Capability Description Primary API
Partition optimisation Estimates optimal shuffle partitions and low-cardinality partition candidates optimise_partitions
Skew mitigation Detects skewed keys and applies salting columns optimise_skew
Cache strategy Recommends and applies StorageLevel persistence optimise_cache
Spark session tuning Recommends and applies Spark SQL/session settings SparkPipelineAutoTuner / optimise_context
Broadcast analysis Profiles table sizes for join strategy advice and optional hints analyse_broadcast / apply_broadcast_hints
Reporting Summarises pipeline steps and metadata in text or dict form OptimisationReport

Installation

pip install sparktimise

For local development:

pip install -e .[dev]
pip install pyspark

Quick Start

Context-manager usage

from pyspark.sql import SparkSession
from sparktimise import SparkPipelineAutoTuner

spark = SparkSession.builder.appName("orders-job").getOrCreate()


def run_pipeline():
    orders = spark.read.parquet("s3a://my-bucket/orders/")
    return orders.groupBy("customer_id").count()


with SparkPipelineAutoTuner(
    spark=spark,
    pipeline_name="orders_pipeline",
    watched_modules=["my_project.orders"],
) as tuner:
    tuner.execute("run_orders", run_pipeline)

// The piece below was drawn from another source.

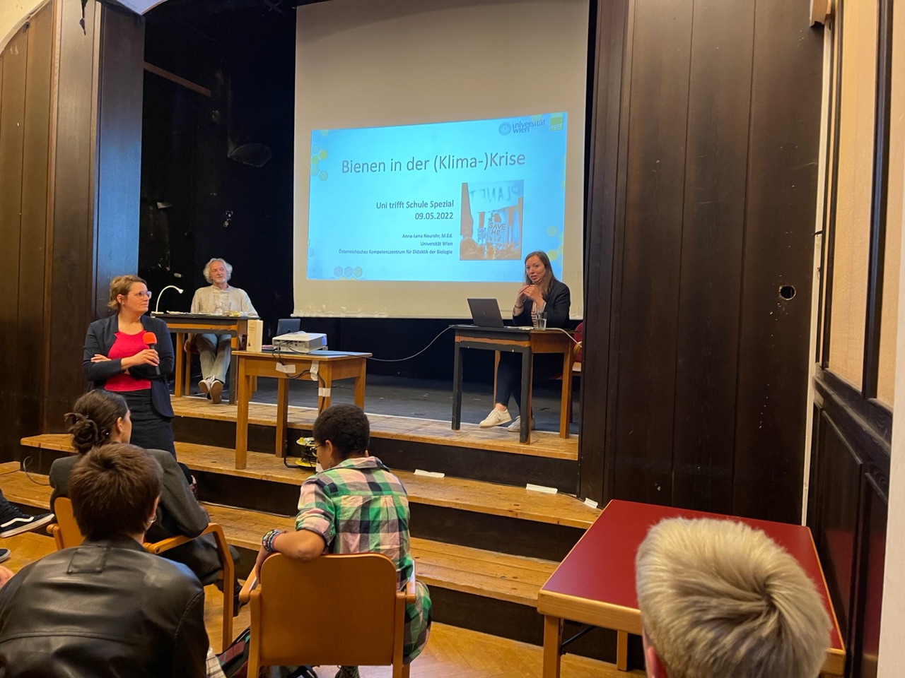 Das AECC Biologie veranstaltet regelmäßig Online-Vorträge von Wissenschaftler*innen für Schüler*innen im Rahmen von „Uni trifft Schule“. Eine ganz besondere Veranstaltung war der Vortrag mit Lesung zum Thema „Bienen in der Klimakrise“. Am 09.05.2022 las der Schauspieler Maximilian Achatz aus dem Buch „Die Geschichte der Bienen“ von Maja Lunde und die Bienendidaktikerin, Anna-Lena Neurohr, M.Ed., berichtete von aktuellen Forschungen rund um die Themen Klimawandel und seine Folgen für die Bienen. Dabei wurden auch auf andere Probleme für die Bienen, die Imkerei (eingeschleppte Parasiten, Toxine) und deren komplexe Rolle für Ökosysteme eingegangen.

Entry-point usage through optimise

from pyspark.sql import SparkSession
from sparktimise import optimise

spark = SparkSession.builder.appName("orders-job").getOrCreate()

with optimise(
    spark,
    "orders_pipeline",
    run_type="optimise",
    watched_modules=["my_project.orders"],
) as tuner:
    tuner.execute("run_orders", run_pipeline)

Functional usage

from sparktimise.optimisation import optimise_partitions, optimise_skew

step1 = optimise_partitions(df, target_partition_bytes=134_217_728)
step2 = optimise_skew(step1.df, columns=["customer_id"])

optimised_df = step2.df
print(step1.transformations_applied)
print(step2.transformations_applied)

Configuration And Runtime Controls

The primary runtime configuration surface is the optimise context manager.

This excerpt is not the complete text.